Nereus is classified as a potentially hazardous asteroid (PHA), due to both its absolute magnitude (H ≤ 22) and its minimum orbit intersection distance (MOID ≤ 0.05 AU). Nereus makes seven approaches to Earth of less than 5 million km between 1900 and 2100. The closest will be on 14 February 2060, at 1.2 million km. The next close approach is on 11 December 2021, when it will be 3.9 million km away. During the 2021 approach it will peak around apparent magnitude 12.6. Its orbital period of 1.82 yr also puts it somewhat near a 2:1 orbital resonance with Earth, which means that an approximately 4-year mission could depart for and return from the asteroid on relatively near passes to the Earth. The asteroid is classified as E-type, so it could be potentially associated with aubrite meteorites (enstatite achondrites).

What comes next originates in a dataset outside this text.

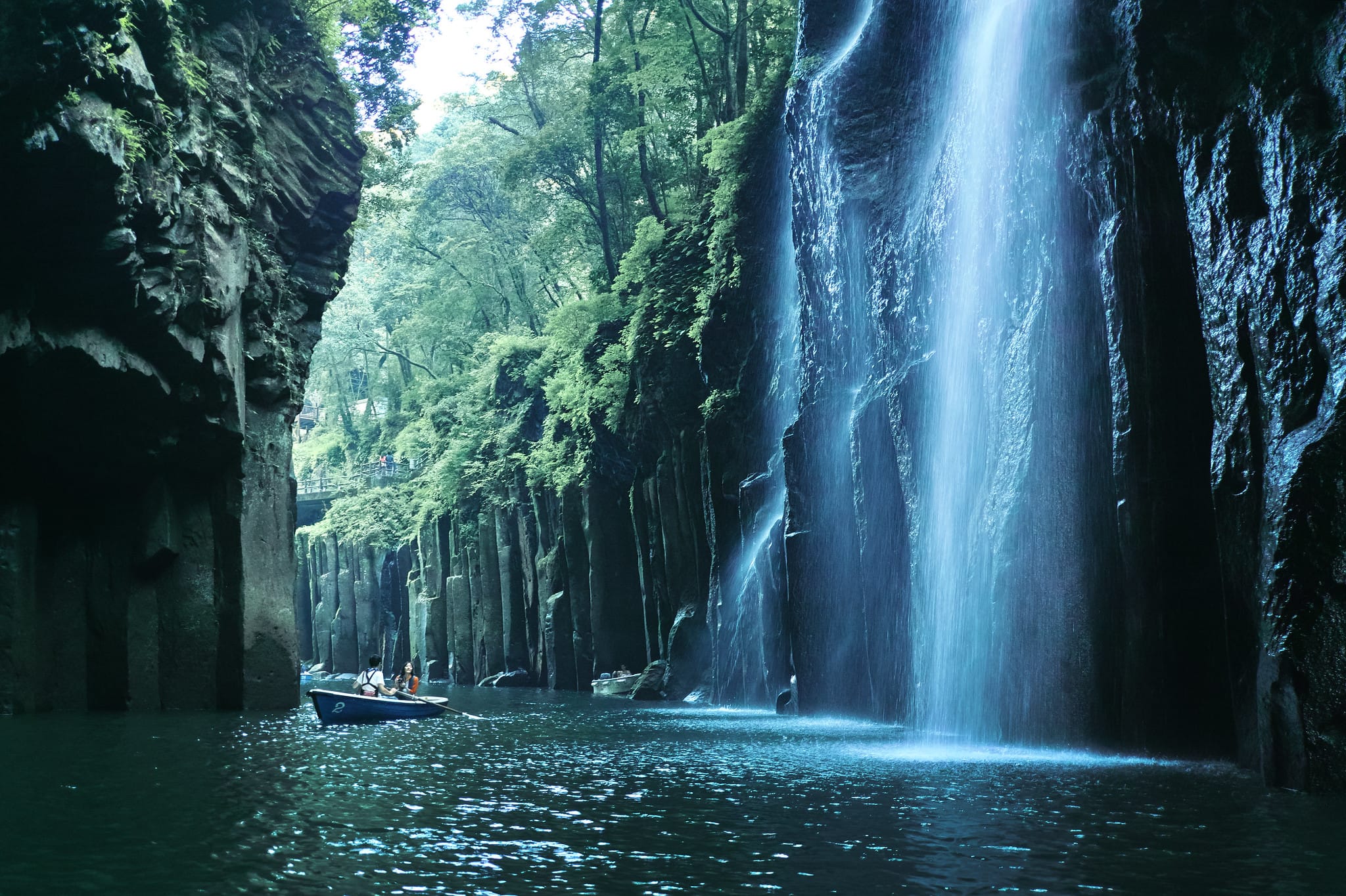 The Gorge is a long, narrow chasm lined with steep cliffs of volcanic basalt columns that tower over the Gokase River in Miyazaki, a prefecture on Japan’s southern Kyushu Island. It is located in the town of Takachiho, recently sited by The New York Times as an overlooked tourist destination. Journalist Rachel Herring notes, “the Japanese have long recognized it as a setting for Japan’s creation stories and mythology.” This site’s stone formations are awe inspiring—that they would evoke reverence and an emotional connection to something greater than oneself feels only natural.

Nereus was proposed for visitation by both the private Near Earth Asteroid Prospector (NEAP) probe, and the Japanese sample return mission Hayabusa. However, the NEAP probe was not realized, and the Hayabusa's launch was delayed by 10 months and the probe had to be redirected to 25143 Itokawa. 4660 Nereus was considered as a flyby target of the NEAR robotic spacecraft mission. NEAR was eventually launched, but visited 253 Mathilde and 433 Eros.
Nereus has a generally ellipsoidal shape with dimensions of 510 m × 330 m × 241 m. On the ends of its longest axis, one end appears narrower and rounder than the other, larger end, making it more of an egg shape. The larger end also appears to have a flatter region on one side of it. Nereus rotates about an axis roughly perpendicular to its longest axis much like a silver spoon spinning on a table.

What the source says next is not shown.